» What the task asks
After finding the line with "ANENGAC28-デジタル" in the data below, set down exactly each line through the one with "011 VOLCANO ISLANDS, JAPAN", inclusive, and stop there.

» Records shown
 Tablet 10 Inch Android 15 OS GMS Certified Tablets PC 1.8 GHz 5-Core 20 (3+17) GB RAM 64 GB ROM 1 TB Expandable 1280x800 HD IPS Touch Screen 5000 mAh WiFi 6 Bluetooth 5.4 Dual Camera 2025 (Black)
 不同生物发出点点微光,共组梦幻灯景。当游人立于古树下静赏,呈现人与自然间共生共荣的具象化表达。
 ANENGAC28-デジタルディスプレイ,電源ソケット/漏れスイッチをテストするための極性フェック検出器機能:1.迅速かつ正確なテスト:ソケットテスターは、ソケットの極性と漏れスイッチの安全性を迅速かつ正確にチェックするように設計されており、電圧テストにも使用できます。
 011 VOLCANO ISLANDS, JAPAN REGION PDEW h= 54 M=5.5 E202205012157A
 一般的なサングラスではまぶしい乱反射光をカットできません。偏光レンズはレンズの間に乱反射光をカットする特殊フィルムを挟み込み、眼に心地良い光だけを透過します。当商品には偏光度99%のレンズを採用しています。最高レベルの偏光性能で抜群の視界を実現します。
* * *
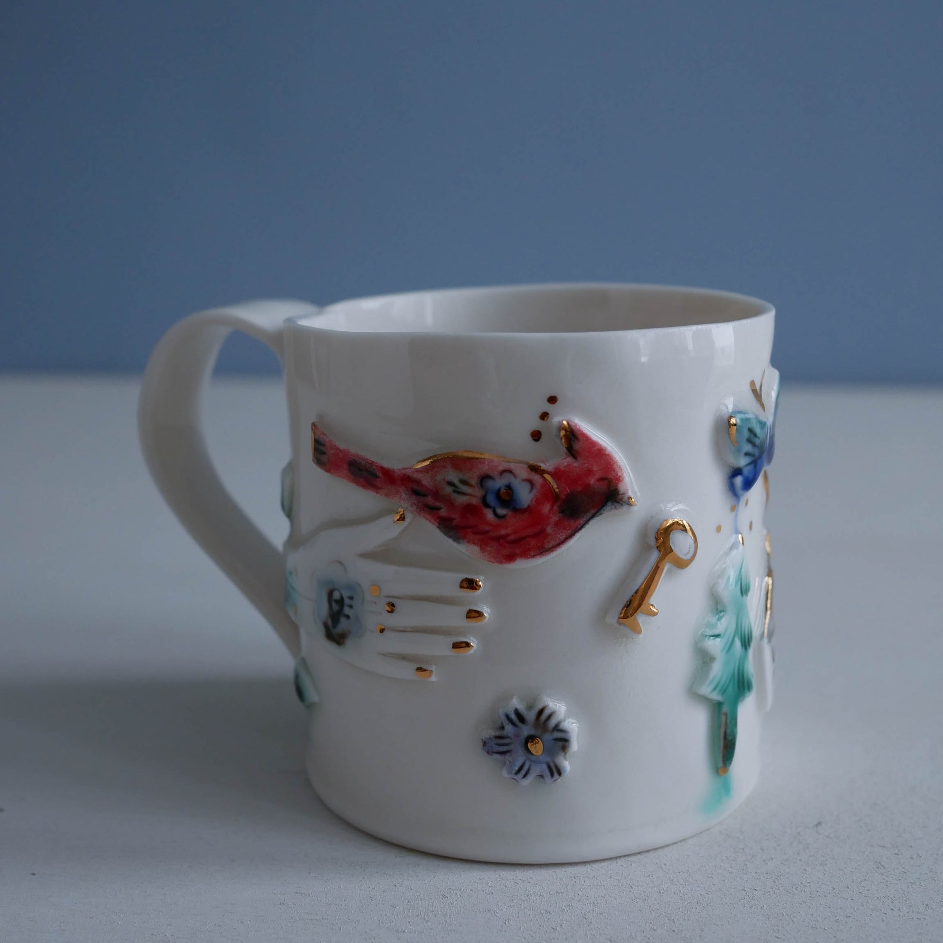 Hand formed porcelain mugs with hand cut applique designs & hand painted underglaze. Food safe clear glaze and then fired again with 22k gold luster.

» Answer to this problem
 ANENGAC28-デジタルディスプレイ,電源ソケット/漏れスイッチをテストするための極性フェック検出器機能:1.迅速かつ正確なテスト:ソケットテスターは、ソケットの極性と漏れスイッチの安全性を迅速かつ正確にチェックするように設計されており、電圧テストにも使用できます。
 011 VOLCANO ISLANDS, JAPAN REGION PDEW h= 54 M=5.5 E202205012157A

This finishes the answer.